Strategy—formerly software firm MicroStrategy—saw its shares surge nearly 3,000% after it began accumulating bitcoin in 2020. Since then, the stock has fallen sharply and is down about 43% this year amid a broader cryptocurrency slump.
Inspired by Strategy’s approach, dozens of companies have added crypto tokens to their balance sheets in hopes of capital appreciation. However, questions are growing about the long-term sustainability of these models, especially as prices fluctuate.
MSCI is conducting a public consultation and plans to announce a decision by January 15. Analysts say that if MSCI excludes DAT companies, other index providers could follow. Kaasha Saini, head of index strategy at Jefferies, told Reuters that the debate now extends beyond MSCI to the eligibility of DATs in equity indexes more broadly, and she expects many benchmarks to align with MSCI’s stance.
Exclusion risk could chill the sector
Passive asset managers are estimated to hold up to 30% of a large-cap company’s free float, meaning index exclusion could trigger significant outflows. This poses a particular risk for DAT companies, which often fund token purchases by issuing equity.

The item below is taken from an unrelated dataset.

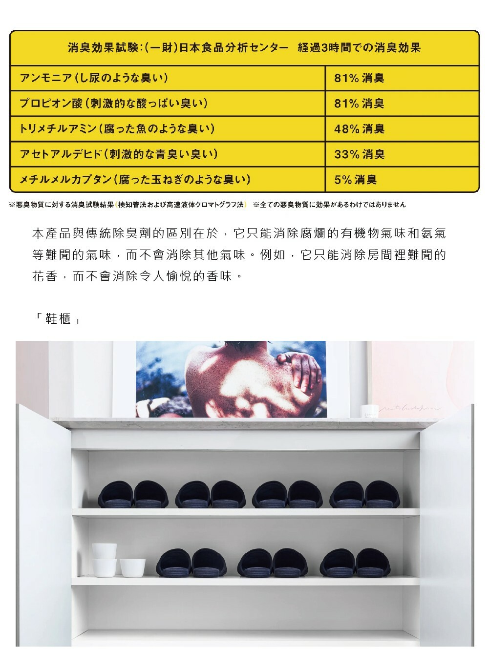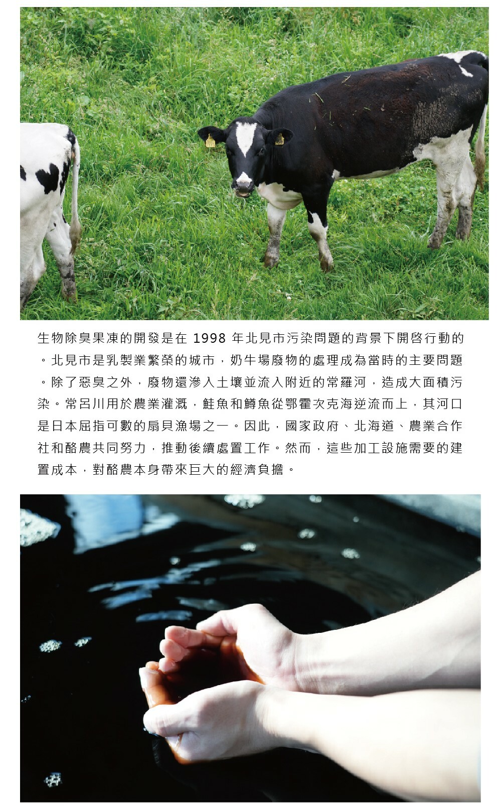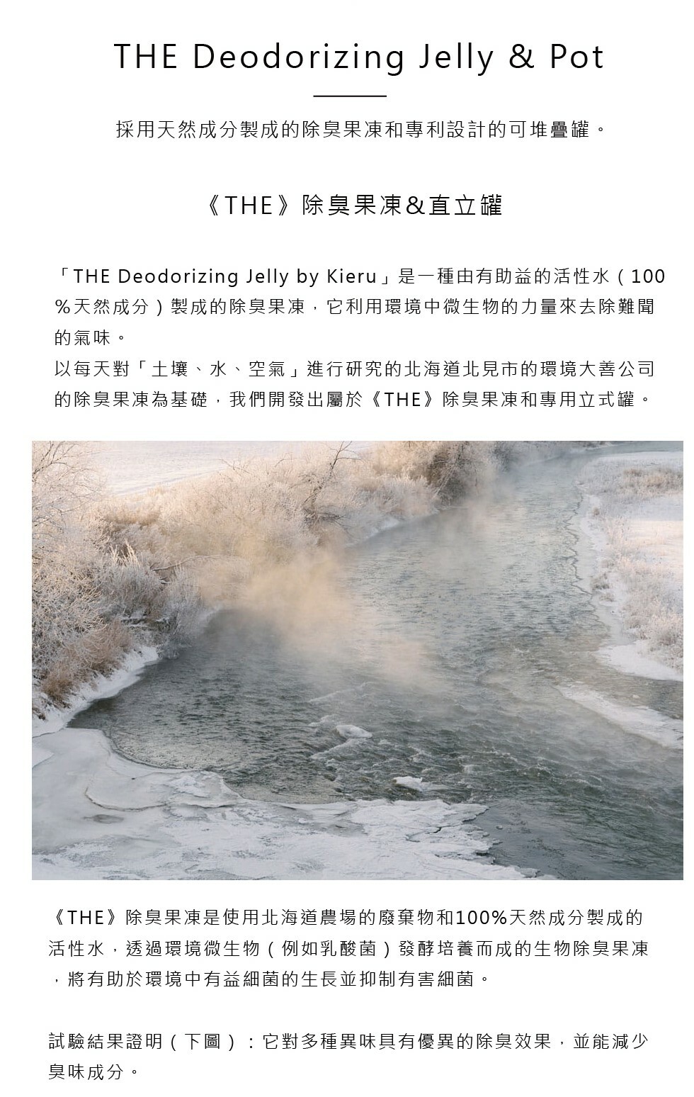 是一種由有助益的活性水(100%天然成分)製成的除臭果凍,它利用環境中微生物的力量來去除難聞的氣味。以每天對「土壤、水、空氣」進行研究的北海道北見市的環境大善公司的除臭果凍為基礎,開發出屬於《THE》除臭果凍和專用立式罐。
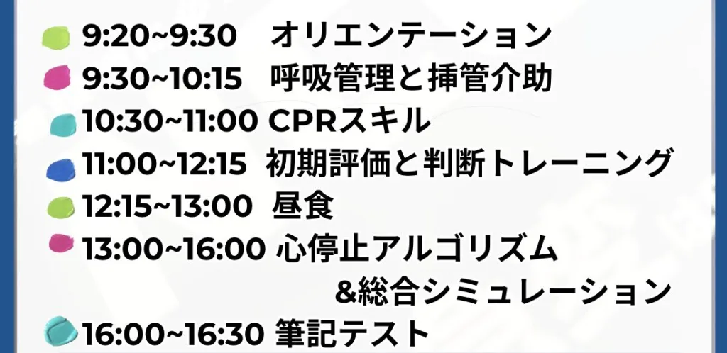 NCLSは臨床での対応を更に高みにするためのコースといった印象です。CPRなどを丁寧に説明する部分は少ないため、BLS(胸骨圧迫やAED)などのスキルを最低限取得してからの受講をオススメします。

Strategy did not comment on the proposal, and Saylor has publicly downplayed the impact of a potential MSCI exclusion. However, in a subsequent letter to MSCI, Saylor and Strategy CEO Phong Le estimated that exclusion could lead to $2.8 billion in forced selling of Strategy shares and “chill” the industry. They warned the change would effectively shut DATs out of the $15 trillion passive investment universe, weakening their competitive position.
Analysts at TD Cowen estimate that about $2.5 billion of Strategy’s market value is tied to MSCI inclusion, with another $5.5 billion linked to other indexes. JPMorgan estimates potential outflows of $2.8 billion if MSCI removes Strategy, rising to $8.8 billion if other indexes follow, including the Nasdaq 100, CRSP US Total Market Index, and Russell Indexes owned by LSEG.
Strategy’s market capitalization stood at around $45 billion recently. Nasdaq declined to comment but retained Strategy in the Nasdaq 100 during its latest annual rebalance. CRSP also declined to comment, while LSEG said it continuously reviews client feedback and follows established governance processes.
Digital asset treasury boom under scrutiny
As of September, at least 200 DAT companies collectively had a market capitalization of about $150 billion, more than triple the level a year earlier, according to DLA Piper. As crypto prices have fallen, however, some firms have traded below the net asset value of their token holdings.
MSCI’s preliminary list identifies 38 companies at risk of exclusion, with a combined market value of $46.7 billion as of September 30. These include French bitcoin buyer Capital B. Capital B’s bitcoin strategy director Alexandre Laizet said passive ownership is currently limited but remains important for future adoption and access to capital.
Matt Cole, CEO of U.S. bitcoin buyer Strive, said much of the impact has already been priced in by markets. Over the longer term, he added, the proposed changes are likely to raise the cost of capital for bitcoin treasury companies.